2. A painstaking review of the case leads to the conclusion that respondent Nicdao’s acquittal likewise carried with it the extinction of the action to enforce her civil liability. There is simply no basis to hold respondent Nicdao civilly liable to petitioner Ching.

CA’s acquittal of respondent Nicdao is not merely based on reasonable doubt. Rather, it is based on the finding that she did not commit the act penalized under BP 22. In particular, the CA found that the P20,000,000.00 check was a stolen check which was never issued nor delivered by respondent Nicdao to petitioner Ching.

CA did not adjudge her to be civilly liable to petitioner Ching. In fact, the CA explicitly stated that she had already fully paid her obligations. The finding relative to the P20,000,000.00 check that it was a stolen check necessarily absolved respondent Nicdao of any civil liability thereon as well.

Firestone Tire and Rubber vs. Ines Chaves & Co.[GR L-17106, 19 October 1966]En Banc, Regala (J)

Facts: The check was intended as part of the payment of Ines Chaves’ debt. When presented to the Security Bank and Trust Co. by Firestone, the check was returned for insufficiency of funds. Despite repeated demands, Ines Chaves failed to settle its account; hence, the suit.

Issue: Whether good faith is required in the issuance of a check.

Held: Everyone must in the performance of his duties, observe honesty and good faith. Where a person issues a postdated check without funds to cover it and informs the payee of this fact, he cannot be held guilty of estafa because there is no deceit.
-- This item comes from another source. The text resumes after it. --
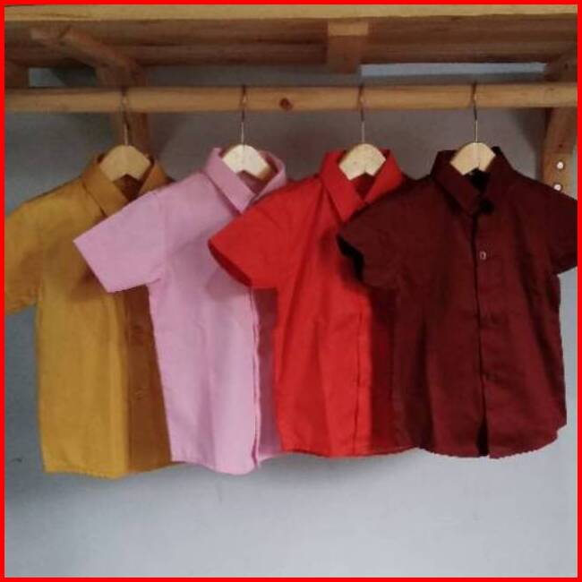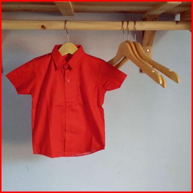 Gratis Dasi Kemeja Anak Lengan Pendek Merah Polos

Herein, there is nothing in the record to show that Firestone knew that there were no funds when it accepted the check, much less that Firestone agreed to take the check with knowledgeof the lack of funds. As Ines Chavez is guilty of fraud (bad faith) in the performance of its obligation, it is liable for damages. Its conduct wanting in good faith, the award of attorney’s fees was warranted.